Seignosse, Landes 27 juillet 2010.

Un concert reggae quand on est en vacances dans l’un des plus beau coin de France ca ne se refuse pas… A 5 km de notre villégiature, Seignosse. Sous les pins, par un temps doux propice à toutes les découvertes, une salle des fêtes posée sur la plage fait face à une mini-arène où de minables vachettes doivent donner un peu de plaisir à quelques touristes en mal de traditions.

On pénètre dans la salle et tout de suite l’atmosphère est estivale. 3 pauvres gars font office de service d’ordre, de jeunes vacanciers en tongues venus d’Hossegor, quelques babs qui ont du faire du stop, 2 ou 3 dreads … ouais, pas de doute on est vraiment en vacances là! Le concert a déjà débuté mais quelque chose cloche… Ou plutôt 2 choses, bien sur! D’abord ca fume dans la salle… à l’ancienne. Le pied! Et on se replonge immédiatemment dans ces lives d’antan où la fumée était partie prenante du spectacle. Ces temps bénis où l’on avait encore un peu de liberté en écoutant du bon son, bordel! La fumée est quand même un peu plus classe que l’odeur d’aisselles du voisin…

inna.jpgEt puis la seconde surprise vient du son… bon sang! Pas de basse sur cette première partie de set!

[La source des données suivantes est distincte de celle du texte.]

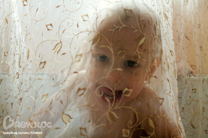 Так любят играть с тюлем и шторами, что срочно пора за новыми - укороченными, ибо в детской все шторы уже ободраны. Длинные больше не вешаю, т.к. в последний раз на них чуть корниз не упал - повис на честном слове.
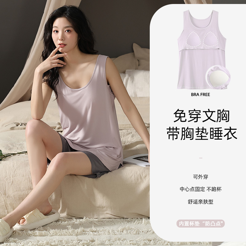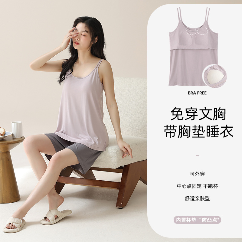 モーダルのパジャマ女性の夏のショーツのストラップのベストの薄いタイプの涼しい胸のパッドは純色の家の服を着ることができます。
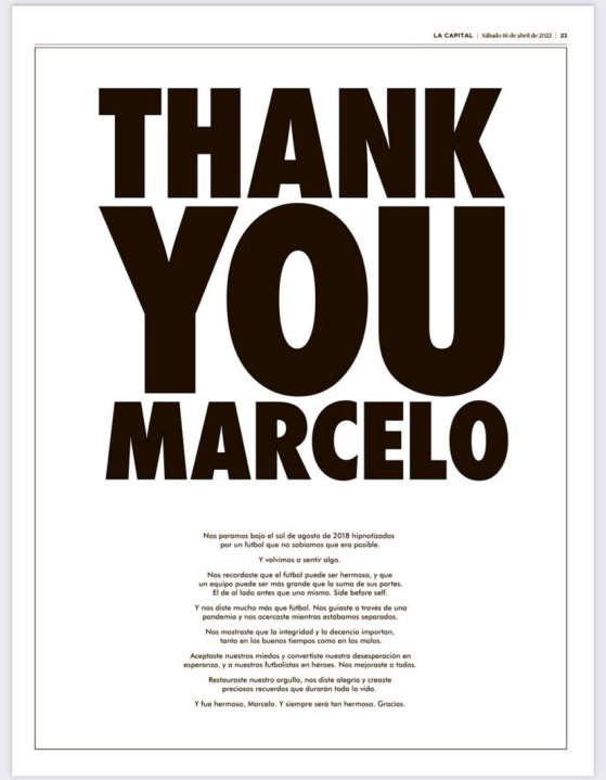 A través de una suerte de «solicitada» en el Diario La Capital de Rosario que apareció este sábado, un grupo de fanáticos de Leeds decidió homenajear a Marcelo Bielsa. «Thank you» (Gracias Marcelo) fue parte del mensaje que escribieron los hinchas.

Une batterie (Kush McAnuff), des percus (Alphonso Craig et consorts), un piano acoustique (Muctar Wurie) et une guitare (Earl Chinna Smith) tiennent lieu de bande-son pour un Clinton Fearon rayonnant et nous proposant les plus grands tubes de sa composition, immortalisés par Gladiators dont il tint la basse et les chœurs pendant près de 20 ans. Ca claque et ca le fait carrément: Mr Chatterbox, Chatty chatty mouth, Rich man poor man… Côté percu, elles sont à tour de rôle tenues par ceux que je vais reconnaître peu à peu. Kiddus I prend la suite et nous fait vibrer de son mythique Graduation in Zion, imparable tube découvert dans le film Rockers. Cedric Myton, leader des Congos himself prend la scène à son tour et nous envoûte avec sa fabuleuse voix de falsetto. Fisherman, Forever young… Grosse claque! Sa voix n’a pas bougée malgré ses 63 ans, il danse et offre tout ce qu’il a. Inspiré, comme envoûté par ce reggae music qui semble rythmer sa vie, éternelle source d’inspiration…

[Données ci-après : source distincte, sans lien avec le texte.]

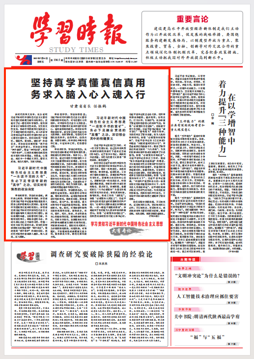 习近平新时代中国特色社会主义思想是“一支蓄满力的利箭”,务必下足学以致用的“真用”之功,奋力开创发展的时代新篇

Matthew McAnuff arrive à son tour et nous offre quelques morceaux, visiblement inspiré par l’entourage de ces papis, cultes s’il en est. Et tour à tour, chacun quitte cet impressionant alignement de percussions digne d’une cérémonie rasta, on songe aux Mystic Revelation of Rastafari, pour prendre le micro et nous asséner les tubes qui ont accompagné notre jeunesse. Earl Chinna Smith fait le job, en toute discrétion. Lui dont le nom apparaît dans plus de 1000 albums, le Michel Drucker du reggae qui à joué avec les plus grands (Marley, Tosh, Spear, Black Uhuru…) semble imperturbable dans son rôle de chef d’orchestre. Clinton Fearon tient la baraque. Ses morceaux, reconnaissables entre mille pour qui a écouté Gladiators au lieu d’aller en cours de physique au lycée, sont une invitation. Des tubes à la chaine, des berceuses…

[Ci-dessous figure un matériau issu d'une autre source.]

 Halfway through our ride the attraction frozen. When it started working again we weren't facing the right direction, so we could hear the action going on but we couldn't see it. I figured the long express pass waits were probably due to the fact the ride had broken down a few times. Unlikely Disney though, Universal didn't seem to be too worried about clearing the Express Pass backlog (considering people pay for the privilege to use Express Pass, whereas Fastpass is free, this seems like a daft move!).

On se pince pour ne pas réver… ce concert est tout simplement fabuleux et les quelque 300 personnes du public semble partager ce moment hors du temps. Pas que! A la pause, en attendant Winston Mc Anuff, les artistes rejoignent le public à l’extérieur sur les pelouses pour taper la causette et prendre la température. Ce n’est pas un concert, c’est une soirée entre potes. Des petits groupes se sont formés, Chinna fait le malin en goûtant les spécialités locales. Kiddus tchek* toux ceux qui ont vu Rockers au moins une fois dans leur vie. Andrew Mc Anuff semble avoir demandé l’autorisation de minuit à son père. Ca rit, ca fume… ca fume, ca rit. Aucune frime, pas de bling bling pour ces gars qui en raconteraient à plus d’un en matière de musique. Tout simplement un moment magique…

Si vous regrettez déjà de ne pas avoir vécu ce concert, il est temps de se rattraper puisque Makasound a eu l’excellente idée d’immortaliser ces moments dans un coffret CD/DVD, concert enregistré lors de la prestation d’Inna De Yard au Printemps de Bourges 2009.

Un des plus surs moyens de capter ce qu’est l’essence du reggae et des musiques traditionnelles caribéennes…

Où trouver ce document?* Tchek: salut des amateurs de reggae/hip-hop, une tape dans la main et poing contre poing.

PS: Le projet Inna de Yard consiste à retrouver le forme originelle des morceaux reggae à leur création: en session accoustique, avec un minimum d’instruments (voix, guitare, percussion parfois) dans l’arrière cour (« yard ») des maisons. Les 8 albums de la collection sont disponibles dans les bibliothèques de Grenoble.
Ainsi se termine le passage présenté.